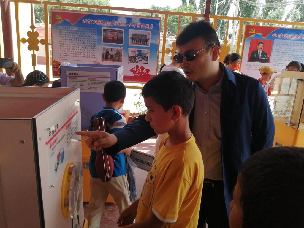 活動現場,喀什市科協帶來的科普大篷車使孩子們更加興奮,孩子們的探討聲、驚嘆聲此起彼伏,整個現場充滿了歡聲笑語,王天雨同志給孩子們講解儀器的科學原理及使用方法,讓孩子們增長了見識、開闊了眼界,讓他們更加直觀、真切地感受到了科技的無窮魅力。
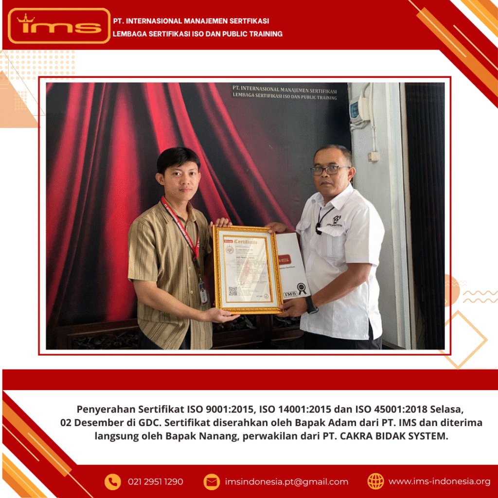 Resertifikasi PT. CAKRA BIDAK SYSTEM 9001, 14001 dan 45001 Pada tanggal 01 Desember 2025.
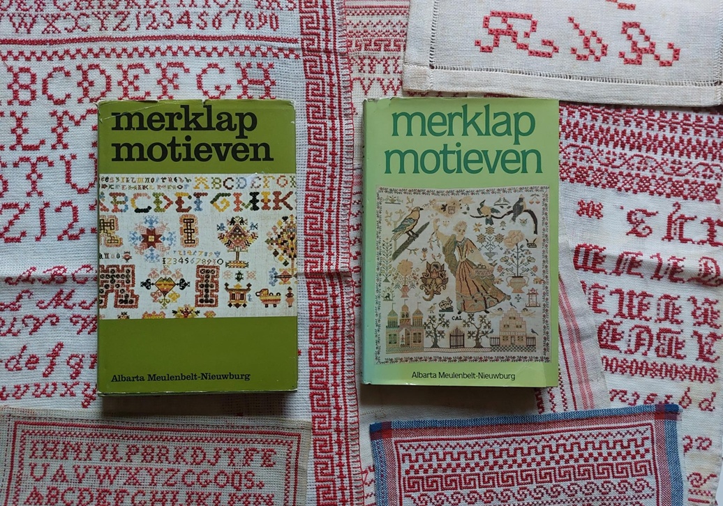 Op mijn blog vertel ik al jarenlang van alles over de handwerkboeken die ik heb verzameld met het doel om ze onder de aandacht te brengen en door te verkopen. Soms presenteer ik de boeken in een collage van acht boeken over een zelfde onderwerp, en vertel ik er in algemene zin wat over. En soms krijgt één boek de volle aandacht in een apart blogje, net hoe het uitkomt of hoe belangrijk dat boek is. Over de boeken met Merklapmotieven van mw. Meulenbelt heb ik al vaak geblogd, omdat het zo’n belangrijke uitgave is. Dus die hoeven eigenlijk niet nòg een keer op een blogfoto.
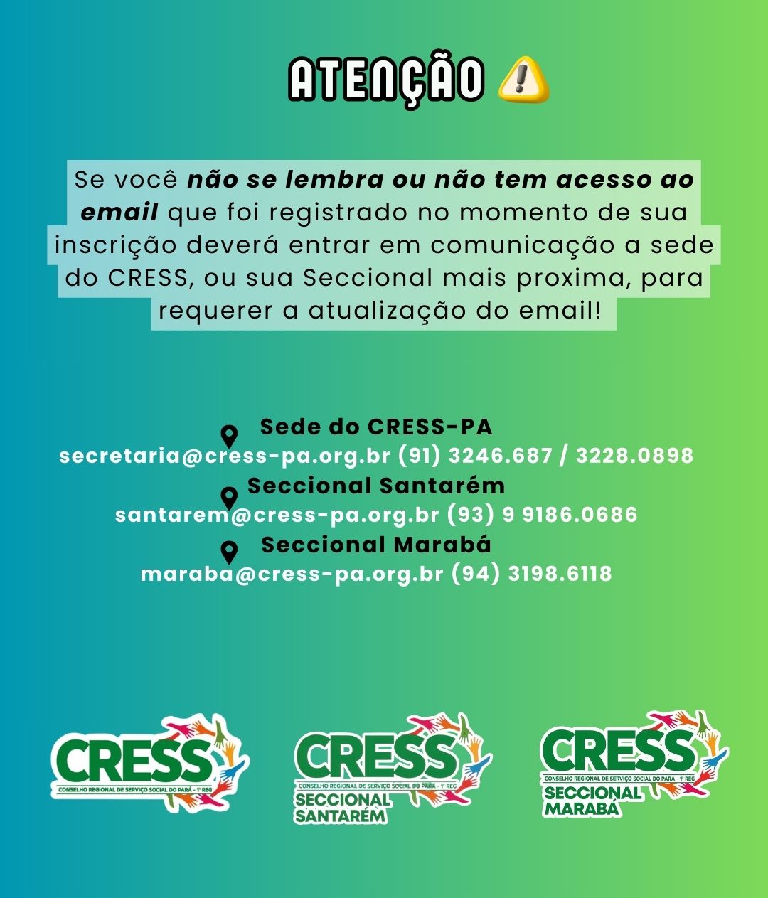 Em caso que não de não conseguir acessar o email que foi apresentando no ato da inscrição, entre em comunicação com o CRESS-PA ou Seccional de sua região para atualização.

☆ ☆ ☆ ☆ ☆ ☆ ☆

Your answer should be the lines from the line containing "Resertifikasi PT. CAKRA" through the end of the listing above, output exactly and alone, without the pictures.

 Resertifikasi PT. CAKRA BIDAK SYSTEM 9001, 14001 dan 45001 Pada tanggal 01 Desember 2025.
 Op mijn blog vertel ik al jarenlang van alles over de handwerkboeken die ik heb verzameld met het doel om ze onder de aandacht te brengen en door te verkopen. Soms presenteer ik de boeken in een collage van acht boeken over een zelfde onderwerp, en vertel ik er in algemene zin wat over. En soms krijgt één boek de volle aandacht in een apart blogje, net hoe het uitkomt of hoe belangrijk dat boek is. Over de boeken met Merklapmotieven van mw. Meulenbelt heb ik al vaak geblogd, omdat het zo’n belangrijke uitgave is. Dus die hoeven eigenlijk niet nòg een keer op een blogfoto.
 Em caso que não de não conseguir acessar o email que foi apresentando no ato da inscrição, entre em comunicação com o CRESS-PA ou Seccional de sua região para atualização.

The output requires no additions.